Farmers in Scotland now produce enough organic food to meet 70% of consumer demand for home-grown products, according to the Scottish Executive.
The executive says it is committed to supporting organic farmers
Deputy Environment Minister Sarah Boyack said this compared to a 35% estimated level in 2002.
However, the Soil Association Scotland said the latest figure mainly related to organic meat and other food types were well below this level.
The Scottish Greens said the executive's claims were "make believe".
The minister was announcing the publication of the third annual report on progress towards the executive's 2003 Organic Action Plan.

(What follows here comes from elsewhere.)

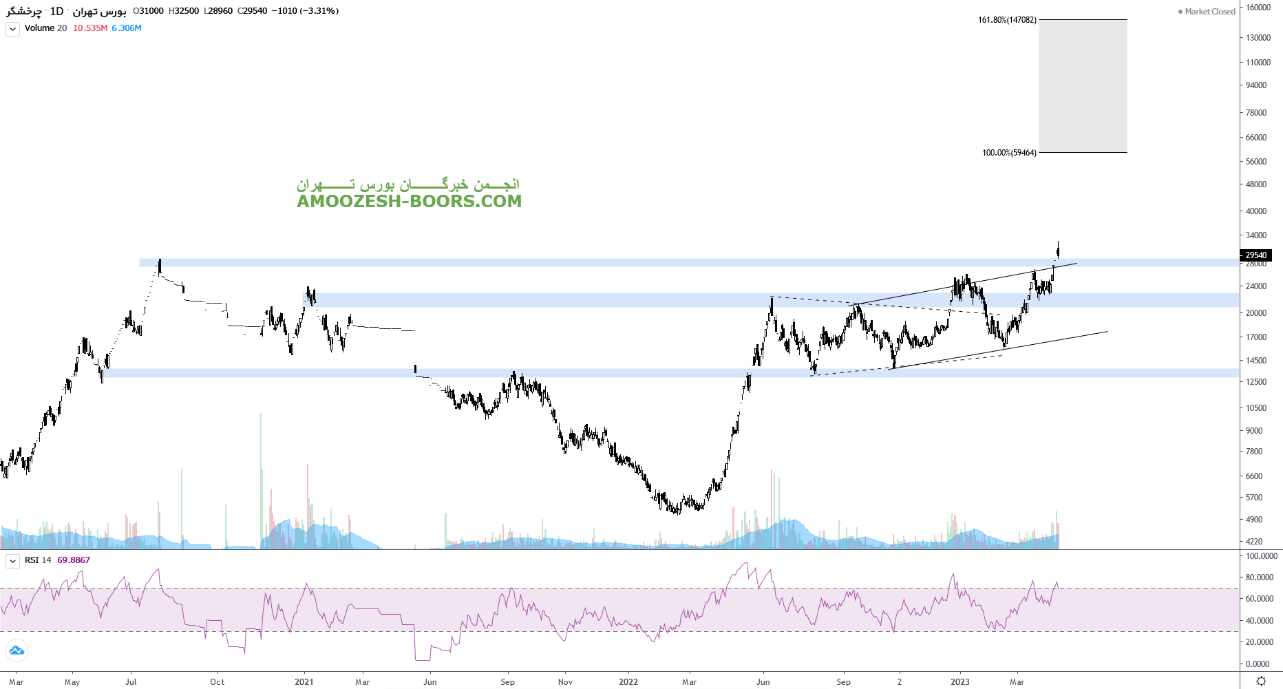 قیمت سهم خچرخش پس از خروج ناموفق از الگوی استراحت خود در قالب یک کانال صعودی در حال رشد می باشد که اکنون توانسته مقاومت مهم سقف کانال صعودی و همچنین مقاومت سقف تاریخی ناحیه ۲۸۰۰ تومان را از سر راه خود بردارد. لذا در صورت تداوم رشد مقاومت ناحیه ۶۰۰۰تومان اولین مقاومت سهم خچرخش در نظر گرفته شده است. همچنین در صورت برگشت مجدد به درون کانال حمایت اصلی سهم خچرخش ناحیه 2200 تومان تعیین شده است.

Ms Boyack said: "The opportunities for Scottish organic producers and retailers are clear.
"The UK organic market now stands at £1.6bn, an increase of over 30% on last year compared to the annual current growth for all UK food and drink sales of around 3%.
"We are committed to working with the industry to develop the Scottish organic sector even further."

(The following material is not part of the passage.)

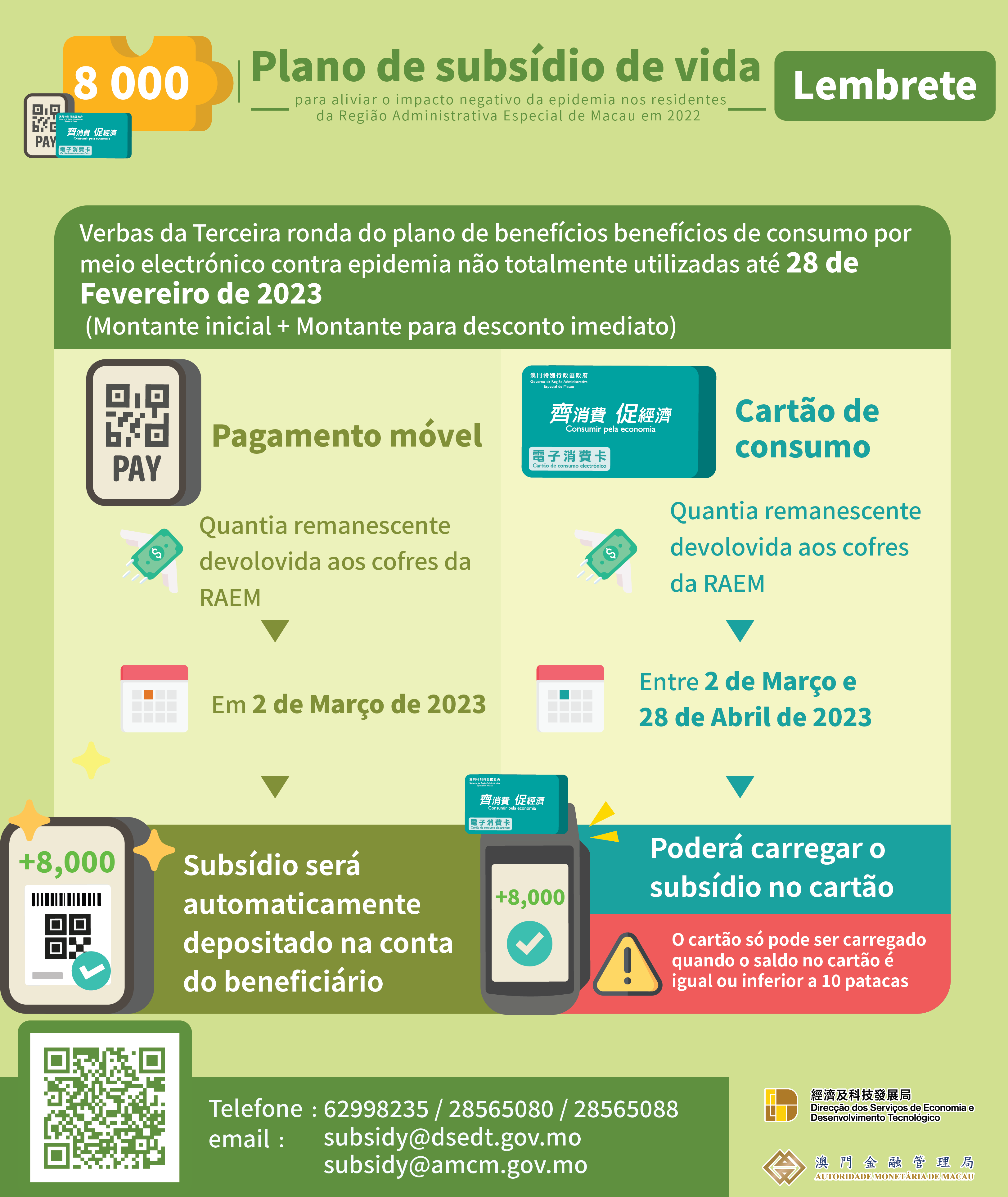 Havendo dúvidas sobre a “Terceira ronda do Plano de benefícios de consumo por meio electrónico contra a epidemia” ou “Plano de subsídio de vida”, poderão os residentes visitar as páginas exclusivas dos planos ( https://www.dsedt.gov.mo/econsumo/pt/index.jsp ) ou ( https://www.dsedt.gov.mo/subsidy/pt/index.jsp ), ou solicitar informações, durante o horário de expediente, através dos seguintes meios:

However, Hugh Raven, director of Soil Association Scotland, said the executive needed to make a much bigger commitment, and called for a new action plan to be introduced after the May elections.
He said: "Demand for organic produce in Scotland is growing at over 20% each year - but the level of support for organic farmers, at £5.5m in 2007, is the same this year as in 2003.

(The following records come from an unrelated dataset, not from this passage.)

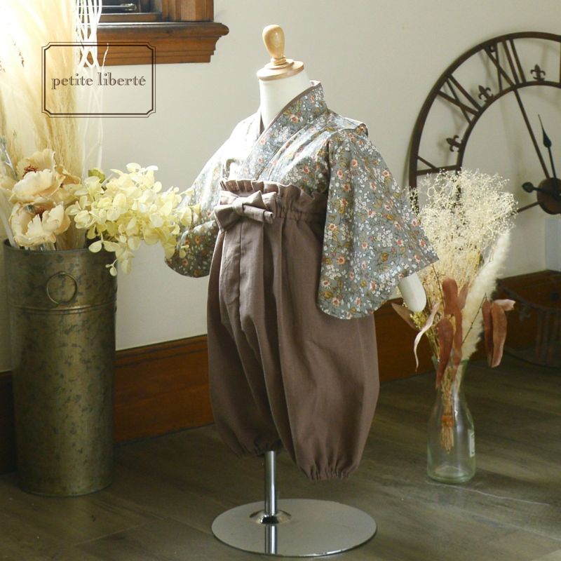 【色柄】着物はあたたかみのあるグレーの地に淡い橙色、白、薄茶色などの野花の模様。浅い茶色の重ね衿。袴は浅い茶色。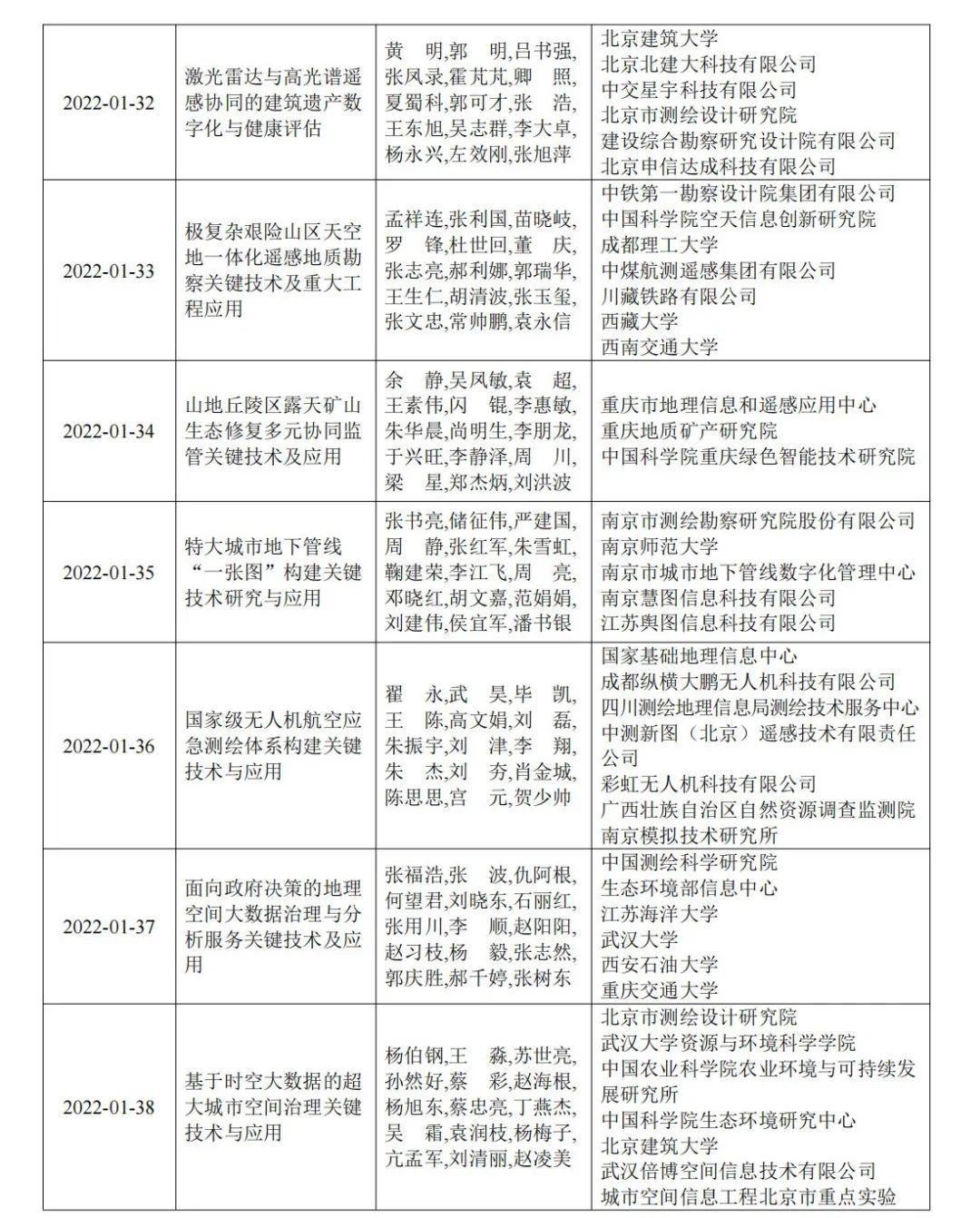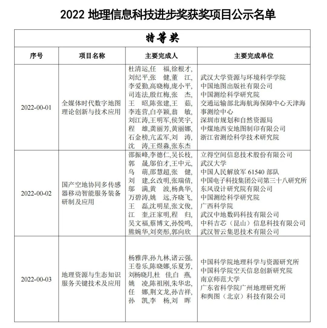 根據《地理信息科學技術獎勵辦法》《地理信息科技進步獎實施細則》,2022地理信息科技進步獎經申報、形式審查、網評、終評等程序,并經地理信息科學技術獎勵委員會審定,評出獲獎項目122項。其中,“全媒體時代數字地圖理論創新與技術應用”等6項成果為特等獎,由北京大學、中科星圖股份有限公司、北京北斗伏羲科技有限公司、北斗伏羲中科數碼合肥有限公司、深圳市坪山區政務服務數據管理局作為主要完成單位的“地球時空框架剖分理論、技術及應用”成果評為一等獎。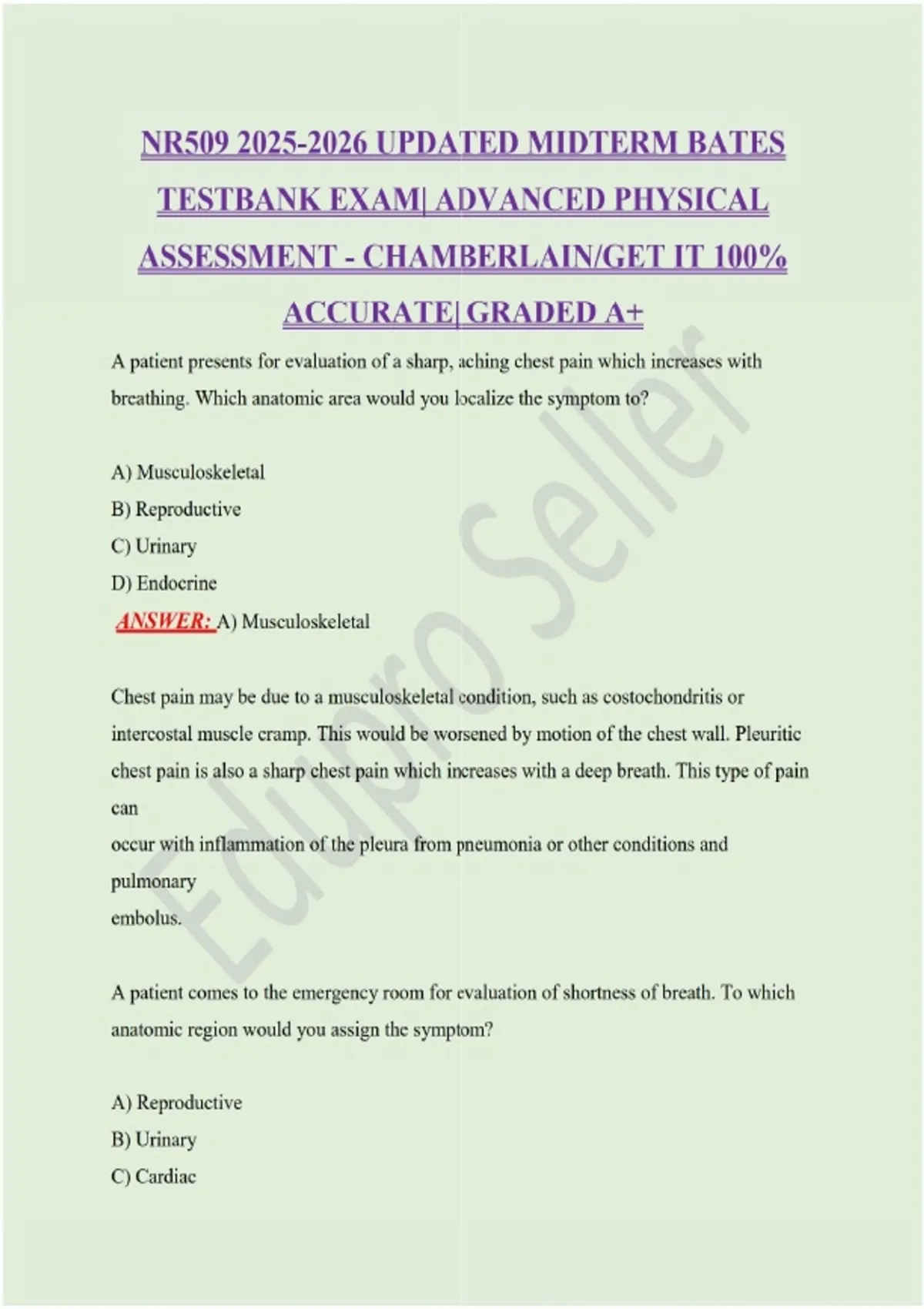 NR UPDATED MIDTERM BATES TESTBANK EXAM| ADVANCED PHYSICAL ASSESSMENT - CHAMBERLAIN/GET IT 100% ACCURATE| GRADED A+

"It's simply not good enough that in 2006, two-thirds of organic farmers applying for continuing support and a third of applicants for conversion assistance were rejected by SEERAD.
"These figures put the executive's apparent achievements in a very different light."
Green MSP Mark Ruskell also questioned the executive's success.
"Farmers are missing out on opportunities to benefit from a growing market because of penny pinching and a lack of ministerial leadership.
"The organic action plan is not working because the executive has not bothered funding it."